Надо заметить, что к этим годам мамина общественная активность не только не спала, – наоборот, возросла и продолжала возрастать. Однако от радикальных настроений ранней молодости она незаметно переходила к "просвещенному либерализму". Папа, став из коллежского надворным, из надворного статским советником, не изменился ни на единую йоту: он был и оставался в первую голову отличным инженером и только уж затем – делающим сносную карьеру чиновником. Мама же, по женской слабости, с каждым годом чувствовала себя все ближе к положению "статской генеральши", которой уже ни возраст, ни общественное место больше не разрешат некоторых безумств юности.

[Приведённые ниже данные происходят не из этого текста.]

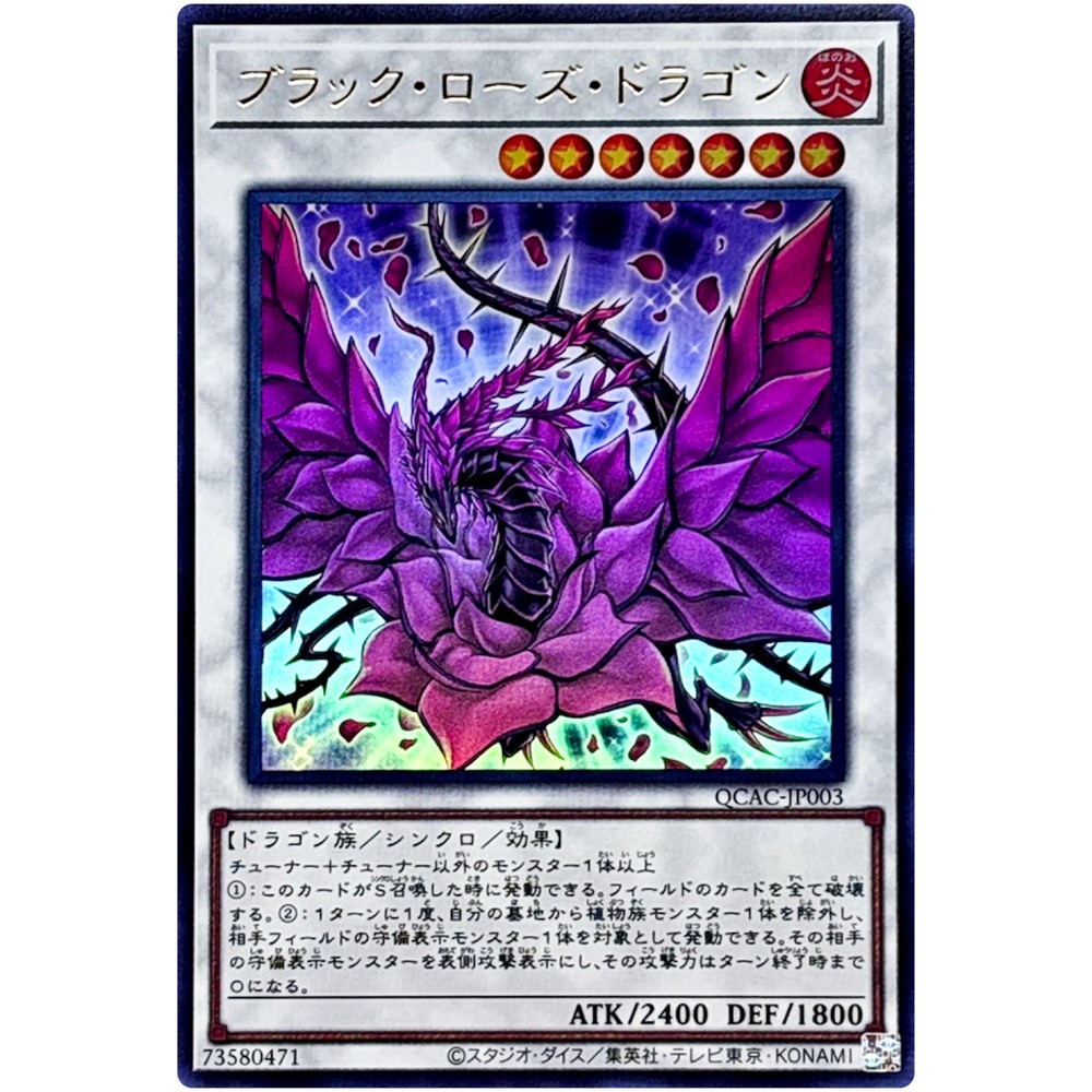 Item Description QCAC-JP003 Black Rose Dragon Front Back Card Name : Black Rose Dragon Character : Black Rose Dragon Rarity : Ultra Rare Card Number : QCAC-JP003 Set : Quarter Century Art Collection Type : Effect Synchro Monster Language : Japanese Card Condition : Near Mint Purchased cards will be clipped with cardboard, waterproofed, and shipped without any scratches or folds. Cards over $20 will be packed even tighter with a loader for each card. Shipping Policy Free shipping worldwide. Free shipping does not include tracking. There is an additional cost of US $4 for tracking. If you purchase cards totaling US $30 or more, you will receive a free tracking number. All of the products will be shipped from Japan. Economy Shipping Air mail ( no tracking ) Free Shipping Delivery time : About 2-4 weeks Standard Shipping Air mail ( with tracking ) US $4 Delivery time : About 2-4 weeks Expedited Shipping FedEx or EMS or DHL ( with tracking ) US $24 Delivery time : About 1-2 weeks Payment Policy We accept all major credit cards and Paypal payments. Return Policy We hope you will love your purchase, houever if you need to return it, we have a 30 day return policy. International Buyers Import duties, taxes, and charges are not included in the item price or shipping cost. These charges are the buyerʼs responsibility. Please check with your countryʼs customs office to determine what these additional costs will be prior to bidding or buying. If the cancellation is due to the buyer, wewill charge a fee. If there is a remote charge for your address, we will charge you for additional shipping. We are honored to receive the eBay Japan Awards 2022! I am thrilled to share that my store has won the eBay Japan Awards 2022 ! This amazing accomplishment wouldnʼt have been possible without our wonderful customers. A heartfelt thank you for your ongoing support. We will continue to improve our services, offering a diverse selection of items and top-notch customer care Thank you for helping us achieve this prestigous recognition, and we look forward to serving you in the future! Copyright ©️ 2024 Animart Japan

Из радикального Выборгского коммерческого она перевела нас в отличную, которой я по гроб жизни благодарен за великолепное обучение, но уже явно только либеральную, гимназию Мая. С рабоче-студенческой Выборгской стороны мы перебрались на основательный и академический Васильевский. От спорадического и веселого участия в студенческих благотворительных вечерах и концертах, где она была и швец и жнец и в дуду игрец, мама поднялась теперь – ей в тринадцатом году должно было исполниться тридцать семь лет – до председательствования и заместительствования в разных весьма уже солидных обществах и лигах: то в Лиге равноправия женщин, под главенством этакой русской полусуфражистки, Поликсены, да еще Несторовны, Шишкиной-Явейн; то в Обществе содействия внешкольному образованию, где председательствовала Анна Сергеевна Милюкова, супруга самого "туркобойцы" Павла Николаевича Дарданелльского, лидера конституционно-демократической партии, а проще говоря – "первого кадета" [21]. И наша жизнь, жизнь маминых сателлитов, значительно изменилась.
Теперь, обозрев мою отроческую длинноватость, она задумалась. Именно в качестве заместителя председательницы упомянутого Общества она была обременена добычей средств для него. Помнится, год назад она устраивала лекцию на модную музыкальную тему – об "Электре" Рихарда Штрауса. Лекция принесла известный барыш.
Был организован также очень модный в те годы общегородской кружечный сбор: по улицам ходили добровольцы со щитами, на которых были наколоты значки на булавках, и с кружками для пожертвований. Началось это с международного дня "Белого цветка" – ромашки, а потом всевозможные "цветки" посыпались десятками. Редкая неделя проходила без щитов, значков и кружек. "Белый цветок" в 1912 году собрал много, что-то около 200 тысяч рублей; следующие, нарушившие мудрое римское правило "Не бей дважды по одному месту", имели куда меньший успех. Мамино Общество (и мы, два брата, в числе сборщиков) торговало на стогнах и улицах Санкт-Петербурга "Цветком вереска" (узнаю мамин выбор и вкус), но, видимо, без потрясающего успеха, потому что в тринадцатом году Общество обратилось вновь к идее платных лекций.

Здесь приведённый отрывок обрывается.